Thursday, December 06, 2012

Are All Epidemiological Autism Studies Flawed?

Autism diagnoses have been increasing at incredible rates.  Within the past two decades estimates of the numbers of persons diagnosed with autism has increased from 1 in 500 to 1 in 250 to 1 in 110 to 1 in 88.  Those are startling numbers to this humble, unsophisticated mind.  Yet to many in the autism research and Neurodiversity communities these numbers do not reflect a real increase. These smarter than the average bear types are sure that these incredible numbers are simply due to diagnostic definition changes, increased awareness and the existence of readily available of free treatments and services for people with autism. The  less certain, less Neurodiversity adherent among the autism epidemic deniers will admit that, at best only 50% of these increases can be explained by the diagnostic change, social awareness and access to services factors.   Assuming that these very smart people are right what does it mean for our understanding of what causes autism disorders?
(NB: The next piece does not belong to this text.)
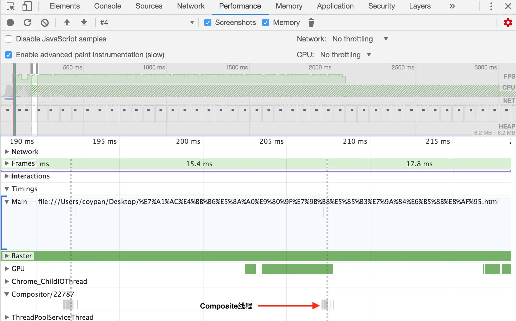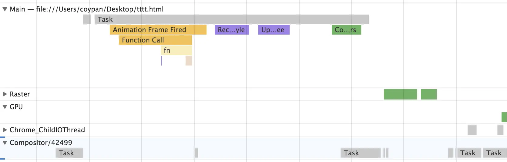 可以看到,主线程里没有任务在执行,而Composite线程、Raster线程以及GPU在工作。

Of what value are studies which purport to determine the possible role of any factor or event in causing autism based on autism rates over time  if those studies lack the ability to determine whether increasing autism rates  are real and if so to what extent?  

Are all epidemiological autism studies flawed that rely on measuring changes in autism diagnoses over time?  Will we have to content ourselves with discovering yet more gene, gene groups, gene expressions etc etc etc that MIGHT have SOME RELATION to autism?  Is this where autism research stands today?

1 comment:

Sue Gerrard said...

Originally, 'autism', was a descriptive label for the withdrawn behaviour seen in schizophrenia. Kanner originally used it descriptively as well, and it was only after seeing several children with similar symptoms that he began to suspect he might be looking at the same disorder in each of the children concerned.

Today a 'diagnosis' of autism is still based solely on behavioural characteristics and everyone whose behavioural characteristics meet the criteria for autism *and* whose symptoms have no known cause, qualifies for this 'diagnosis'.

I've put diagnosis in quotes because a diagnosis of autism is simply matching behavioural characteristics, not giving any indication of what causes those characteristics. A diagnosis couched in terms as vague as autism is, is bound to experience 'diagnosis drift', and to start to include those who would have been considered within the normal range 70, 50 or even 30 years ago.

A far more likely explanation for autism is that the triad of behavioural characteristics can be caused by lots of different medical conditions; in their 1992 book "The biology of the autistic syndromes" Mary Coleman and Christopher Gillberg list many different medical disorders documented as associated with autism. They don't know, of course, whether the autistic characteristics are caused by those other medical disorders, but it's a pretty safe bet some of them are responsible.

So it's quite possible that the so-called autism 'epidemic' might have been caused by several factors including broadening the diagnostic criteria - in practice if not in theory, increased awareness, and increased cultural expectations of conformity, as well as medical problems that are often not even looked at after a diagnosis of autism - because all symptoms are widely attributed to some hypothetical single condition we call 'autism'.